WORK INSTRUCTIONS:
When you write out the listing, keep every character and omit the pictures.

MATERIAL FOR THE TASK:
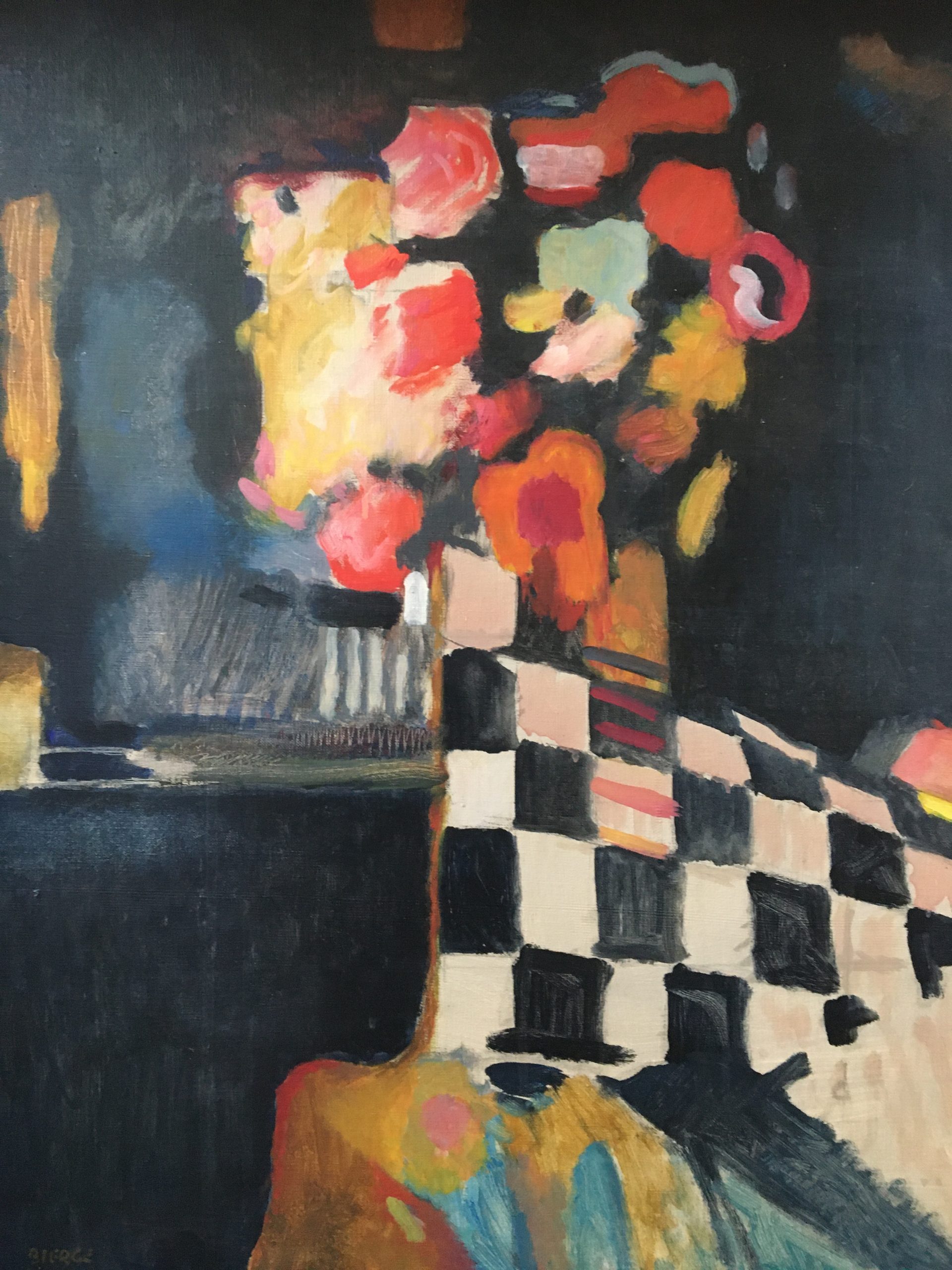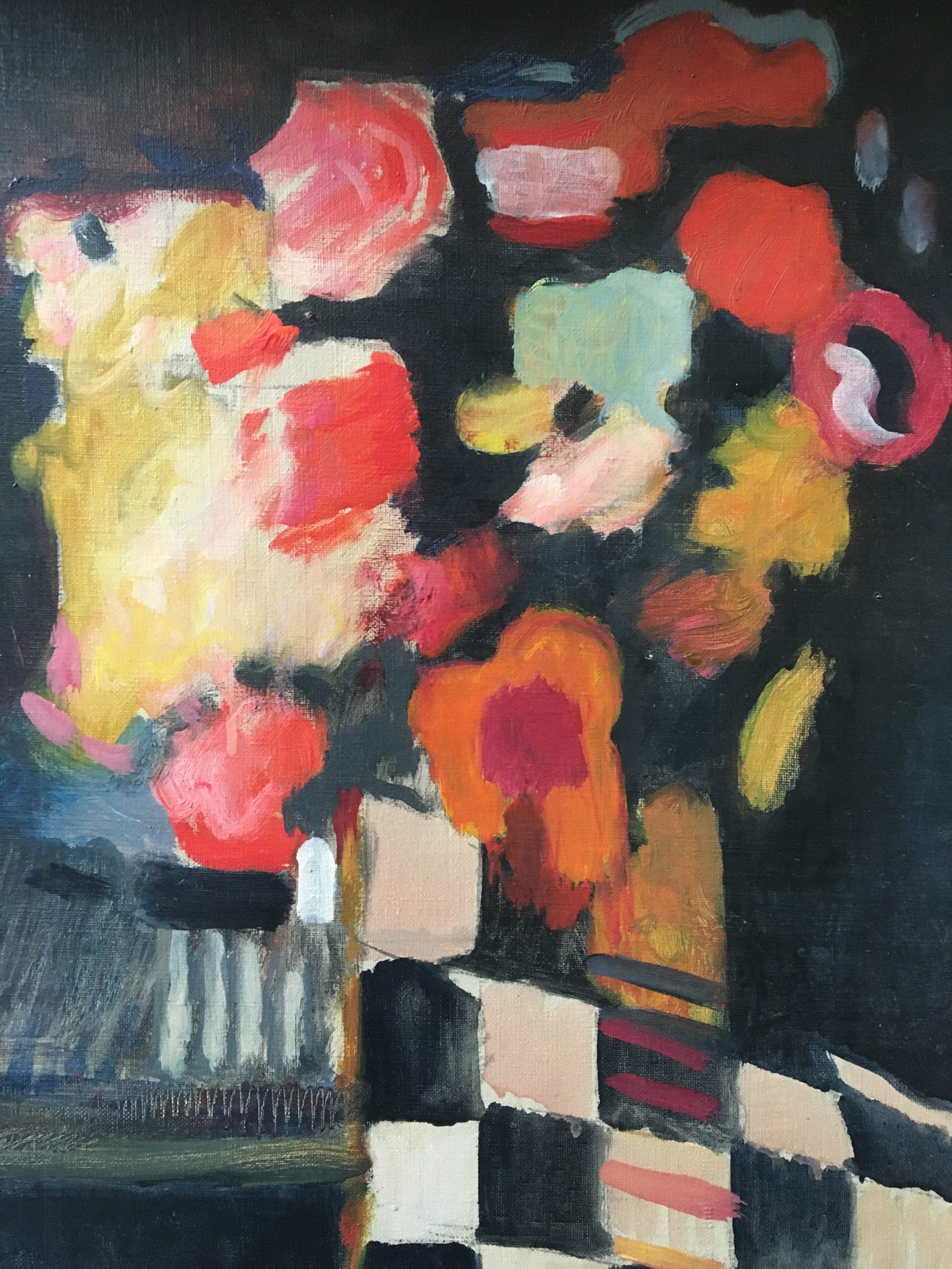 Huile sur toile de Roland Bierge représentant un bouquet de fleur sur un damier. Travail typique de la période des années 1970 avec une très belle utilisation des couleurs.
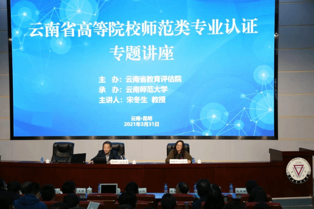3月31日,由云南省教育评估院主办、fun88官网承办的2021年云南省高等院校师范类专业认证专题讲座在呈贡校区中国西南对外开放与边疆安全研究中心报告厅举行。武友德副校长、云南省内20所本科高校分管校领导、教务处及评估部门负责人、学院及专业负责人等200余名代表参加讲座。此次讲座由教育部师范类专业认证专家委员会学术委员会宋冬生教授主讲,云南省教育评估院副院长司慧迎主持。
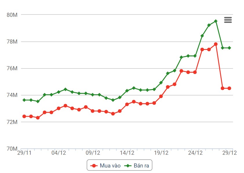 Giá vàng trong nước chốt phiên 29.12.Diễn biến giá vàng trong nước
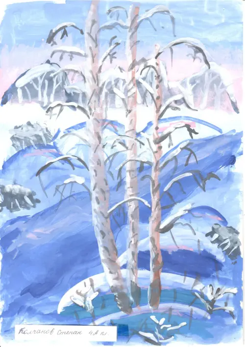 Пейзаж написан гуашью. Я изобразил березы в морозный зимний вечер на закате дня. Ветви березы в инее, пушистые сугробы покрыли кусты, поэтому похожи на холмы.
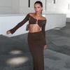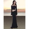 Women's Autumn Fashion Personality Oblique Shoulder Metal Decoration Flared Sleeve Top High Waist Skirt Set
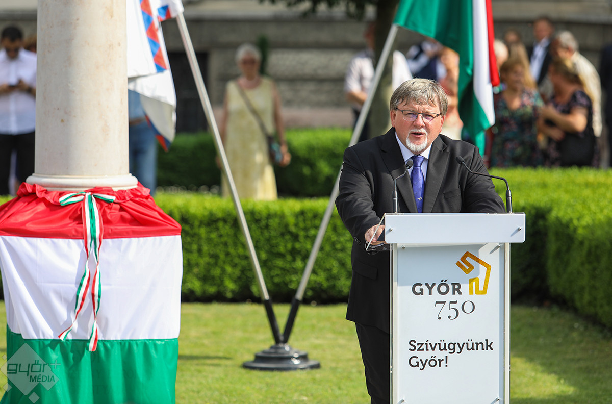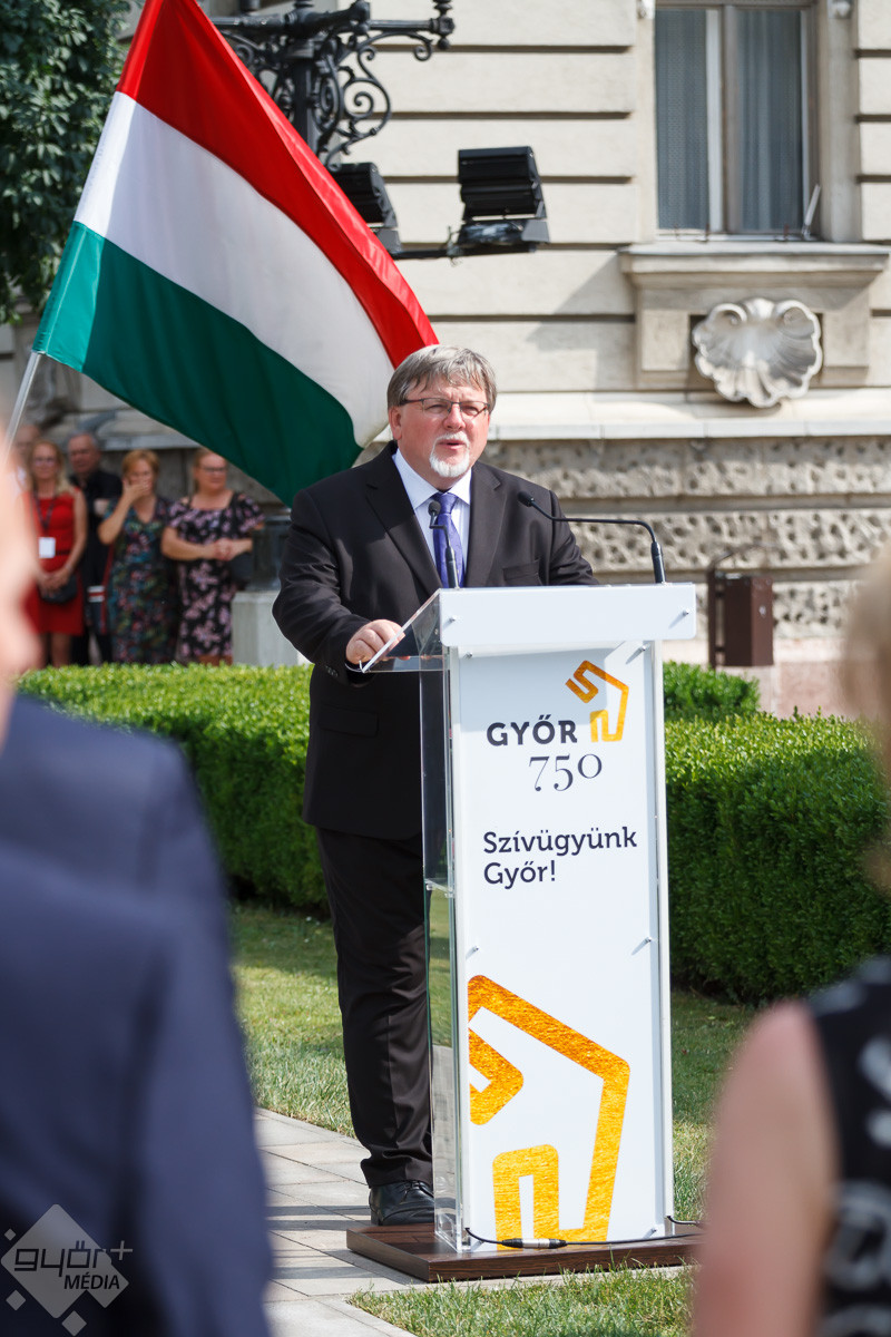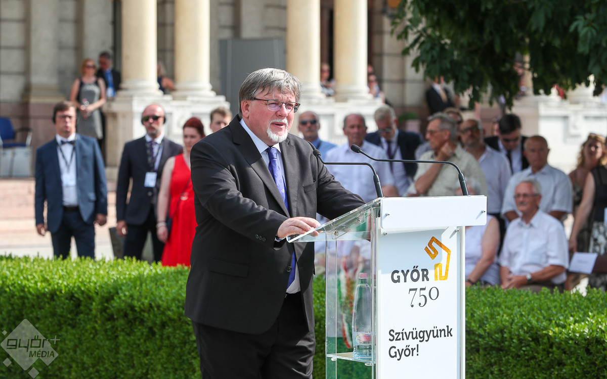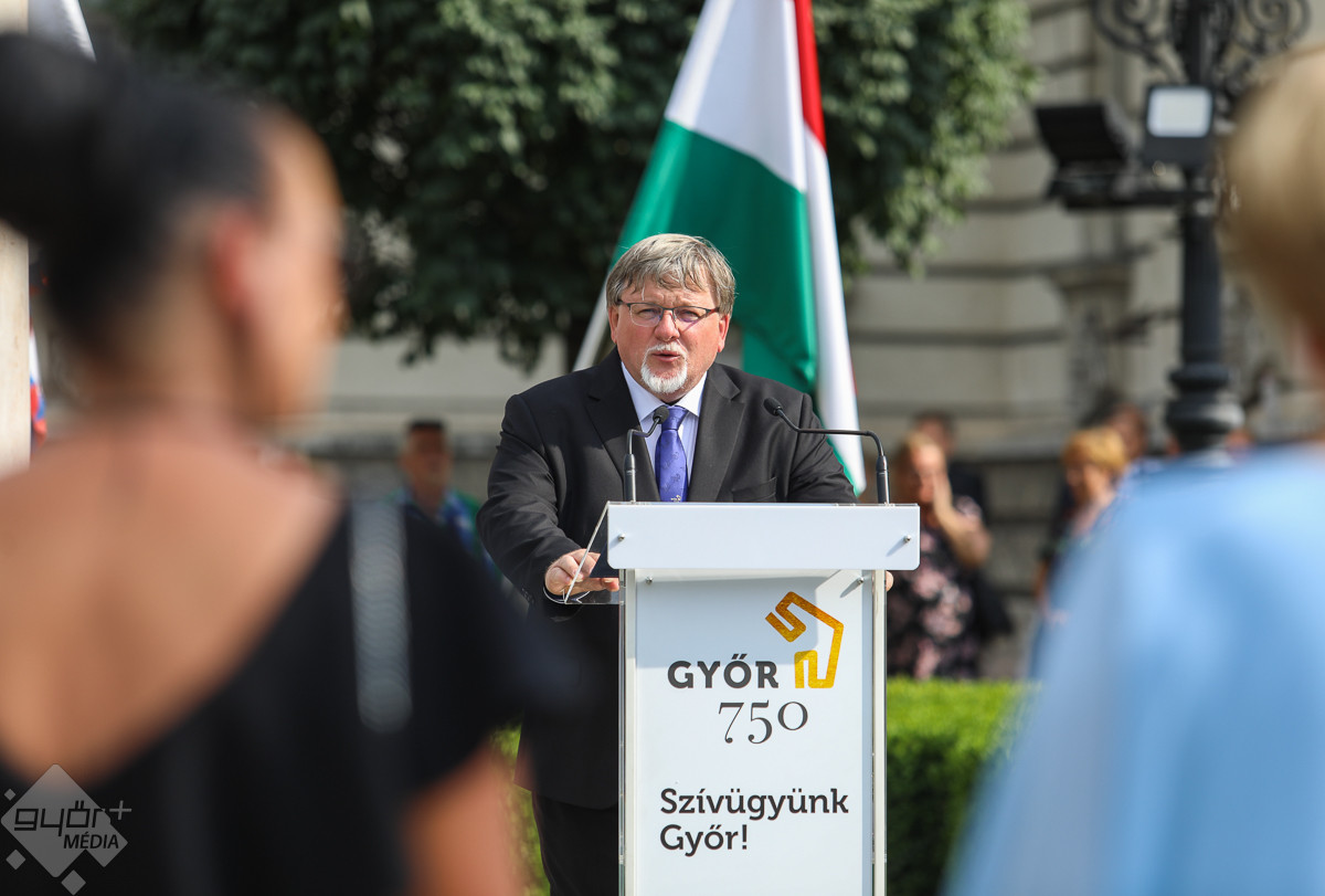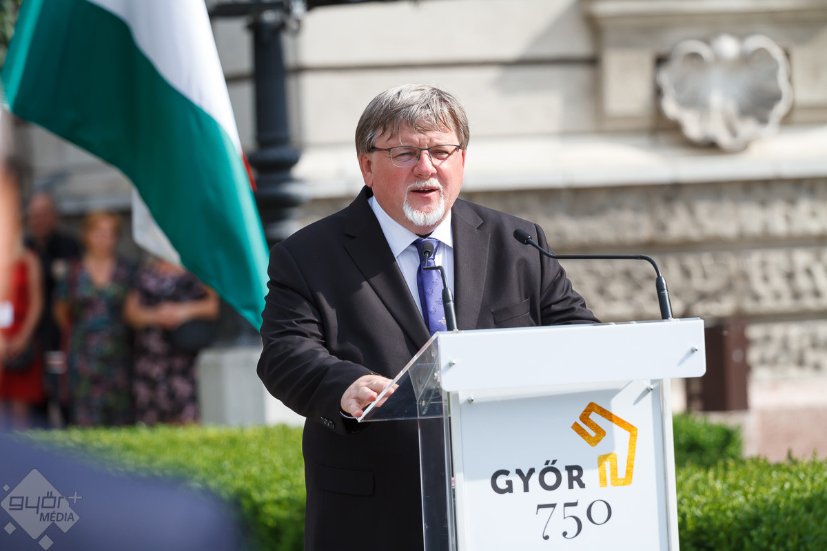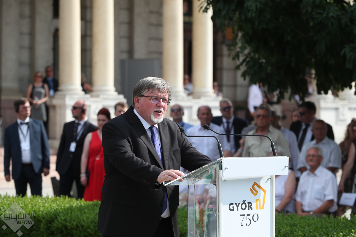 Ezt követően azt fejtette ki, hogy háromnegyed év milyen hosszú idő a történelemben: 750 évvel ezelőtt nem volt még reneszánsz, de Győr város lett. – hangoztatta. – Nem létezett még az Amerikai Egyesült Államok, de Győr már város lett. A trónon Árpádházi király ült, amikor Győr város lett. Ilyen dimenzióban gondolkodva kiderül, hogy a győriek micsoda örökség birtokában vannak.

SOLVED EXERCISE:
 Huile sur toile de Roland Bierge représentant un bouquet de fleur sur un damier. Travail typique de la période des années 1970 avec une très belle utilisation des couleurs.
3月31日,由云南省教育评估院主办、fun88官网承办的2021年云南省高等院校师范类专业认证专题讲座在呈贡校区中国西南对外开放与边疆安全研究中心报告厅举行。武友德副校长、云南省内20所本科高校分管校领导、教务处及评估部门负责人、学院及专业负责人等200余名代表参加讲座。此次讲座由教育部师范类专业认证专家委员会学术委员会宋冬生教授主讲,云南省教育评估院副院长司慧迎主持。
 Giá vàng trong nước chốt phiên 29.12.Diễn biến giá vàng trong nước
 Пейзаж написан гуашью. Я изобразил березы в морозный зимний вечер на закате дня. Ветви березы в инее, пушистые сугробы покрыли кусты, поэтому похожи на холмы.
 Women's Autumn Fashion Personality Oblique Shoulder Metal Decoration Flared Sleeve Top High Waist Skirt Set
 Ezt követően azt fejtette ki, hogy háromnegyed év milyen hosszú idő a történelemben: 750 évvel ezelőtt nem volt még reneszánsz, de Győr város lett. – hangoztatta. – Nem létezett még az Amerikai Egyesült Államok, de Győr már város lett. A trónon Árpádházi király ült, amikor Győr város lett. Ilyen dimenzióban gondolkodva kiderül, hogy a győriek micsoda örökség birtokában vannak.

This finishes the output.